Guess someone is looking for free publicity for his work and can not have it without naming the real star: Sandra.

Anonymous said...

Well said!! I agree with everything you said.

Becky said...

Surely he sold his rights when they made the film, so technically his view means nothing. He sold his story to the film company and they can make any changes they want. He's taking it too personally, and is being very unproffesional.

Blaming one actress is ridiculous, and the remarks about her marriage and divorce are uncalled for. He sounds like a right arse.

Sandra's amazing, he should have been glad to have her in his film.


Emma said...

Well, if I needed a reason not to see the sequel or to read his book, he just gave me one.

Anonymous said...

The writer must be friends with the Ex-husband. To say he didn't like Sandra Oh's choices about the role a professional problem. The fact that the writer brought up Sandra Oh's divorce settlement shows a personal issue.

Anonymous said...

One of the most appalling interviews I've ever read. Clearly, he has no artistic integrity if he bases his next book around displeasure at artistic choices made for a movie, and certainly no class. Sandra was the highlight of an overrated movie. By writing her out, he pretty much guaranteed no sequel will be made.

At least Sandra has the last laugh in the form of respect and admiration from her peers and the public for her intelligence, skill and class.

Anonymous said...

Wow what a prat. I enjoyed sideways the film but have never read the book. I liked Sandra Oh's character. Oh well he's losing out.

Anonymous said...

Who would watch the sequel without Sandra anyways?
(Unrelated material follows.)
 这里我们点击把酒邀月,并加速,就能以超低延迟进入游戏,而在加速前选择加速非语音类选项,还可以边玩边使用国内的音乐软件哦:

The only reason I watched some of Sideways was because of her, and I still couldnt get through the entire movie because I found it so dull.
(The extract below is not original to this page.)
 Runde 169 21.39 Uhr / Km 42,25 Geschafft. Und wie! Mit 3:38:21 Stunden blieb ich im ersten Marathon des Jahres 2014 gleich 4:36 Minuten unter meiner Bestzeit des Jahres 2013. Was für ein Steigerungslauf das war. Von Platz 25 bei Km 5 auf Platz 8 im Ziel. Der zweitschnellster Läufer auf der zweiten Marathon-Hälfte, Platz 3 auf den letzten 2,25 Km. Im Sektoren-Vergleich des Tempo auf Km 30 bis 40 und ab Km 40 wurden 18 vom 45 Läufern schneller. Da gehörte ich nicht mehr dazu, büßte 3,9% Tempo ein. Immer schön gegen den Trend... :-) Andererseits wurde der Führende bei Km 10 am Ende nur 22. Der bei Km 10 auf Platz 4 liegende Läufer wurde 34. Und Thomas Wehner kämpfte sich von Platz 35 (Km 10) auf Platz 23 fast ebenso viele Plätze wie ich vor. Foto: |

Pickett is pathetic. Like another commenter said, the only way he could garner publicity for himself was to use Sandra's name. If it wasn't that affiliation, no one would give a damn what he has to say.

Anonymous said...

That Pickett sounds like a LOSER - I doubt Payne would make a sequel anyways. Big deal if the movie is different to the book - it's called an adaptation.

Anonymous said...

what a douche

Anonymous said...

Bitch please,Sandra is freaking amazing.

Anonymous said...

I love the movie and have also read the book. It is perhaps the only time I have felt that a movie was better than the book. The movie had heart and depth and the dialogue and plot were more believable. By contrast, I found the characters in the book hard to like ... all of them. The men were shallow jerks and the women were trashy. The memorable "Life of Wine" soliloquy by Maya in the movie would NEVER be uttered by Maya in the book. I was hoping for a movie sequel, but have little desire to read the book's second installment.